Down in the CDS there are thousands of UK plated cars that have been here for donkeys years & hundreds of motor-homes as well.

Again IMO, I think that the Guardia are more concerned about a vehicle being insured & as you have read if insured the insurer must cover the third party regardless of whether the vehicle is taxed or MOT'd.
Not right of course, but that is the reality.

Your vehicle will though have a valid Tax Certificate/MOT/Insurance, so enjoy your visit to sunny Spain.


----------



## Guest

Thanks - that makes it clear. I'd missed the part about needing to ensure third parties so thank you for highlighting this. Noted - we have to travel to, e.g., France at regular intervals. We'll hate this. Of all things, we detest visiting French vineyards. This will be the stuff of nightmares.


----------



## Guest

Me again. Sorry - I've got another question. Can someone give me a reference or source about not being able to register RHD vehicles? Tks.


----------



## Stravinsky

meetloaf said:


> Me again. Sorry - I've got another question. Can someone give me a reference or source about not being able to register RHD vehicles? Tks.


You _can_ register RHD vehicles. What you cant do is register RHD _commercial_ vehicles such as Vans, and getting a motorhome registered can be very difficult indeed.


----------



## Solwriter

*meetloaf*,
When I talked about us travelling around Spain in our RV and the suggestion being made to us (by a member of the guardia) that we were travelling in Europe, I didn't mean that we actually travelled there.
We did arrive via France and spent quite a few days travelling there, but once in Spain that's where we travelled (apart from the one short trip back to the UK via France).

Our main concern was being legal as RV _tourists_ and all the paperwork that involved. 
Thinking that it would be best to have a 'home from home', we purchased a real home on wheels.
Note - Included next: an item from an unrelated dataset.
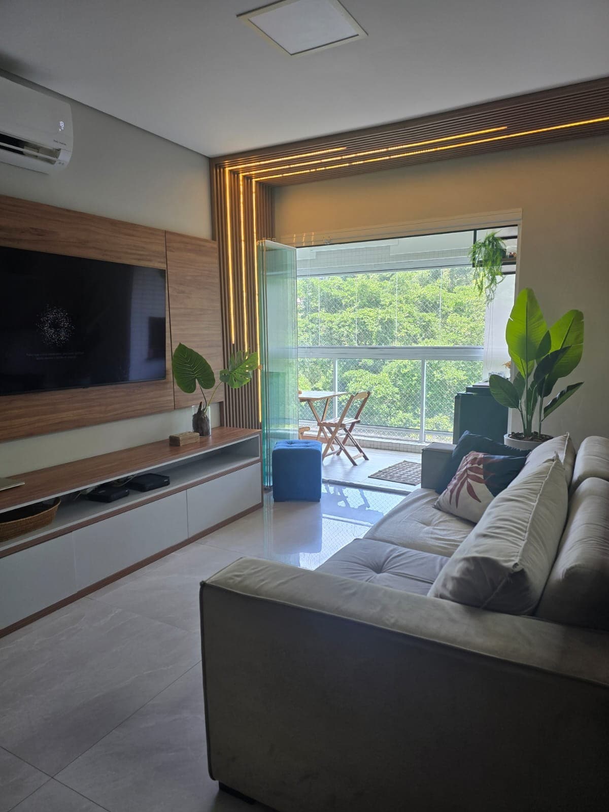 Apartamento moderno com ar condicionado na sala e no quarto, cozinha equipada, fogão, forno, microondas, Smart TV, Netflix, Wi-fi, e ampla varanda com vista exuberante para a praia de Santos. O condomínio conta com uma completa área de lazer com duas piscinas incríveis, uma aquecida e outra com borda infinita frente ao mar.

It was very comfortable to live in, but in hindsight, that decision cost us much more than we had bargained for.

Because our RV was a large American motorhome, it was over the weight limit for the normal drivers licence and required a HGV licence. Luckily my husband had one!
We also had trouble getting insurance cover for the vehicle because it was 15 years old. We could only get third party cover, with no roadside assistance for breakdowns (and that cost us dearly as it turns out). The insurance cover we managed to obtain was only available short term (I think six months but could be wrong), which was the main reason we had to go back to the UK and negotiate insurance cover all over again before we returned.

But having said all that, as long as your motorhome is of reasonable size and under 15 years old, then the troubles we had should not apply.
My husband did most of the research for this, but I think it depends on your driving licence as to the weight of the vehicle you can drive in Europe on a normal licence, but the DVLA should have details on that.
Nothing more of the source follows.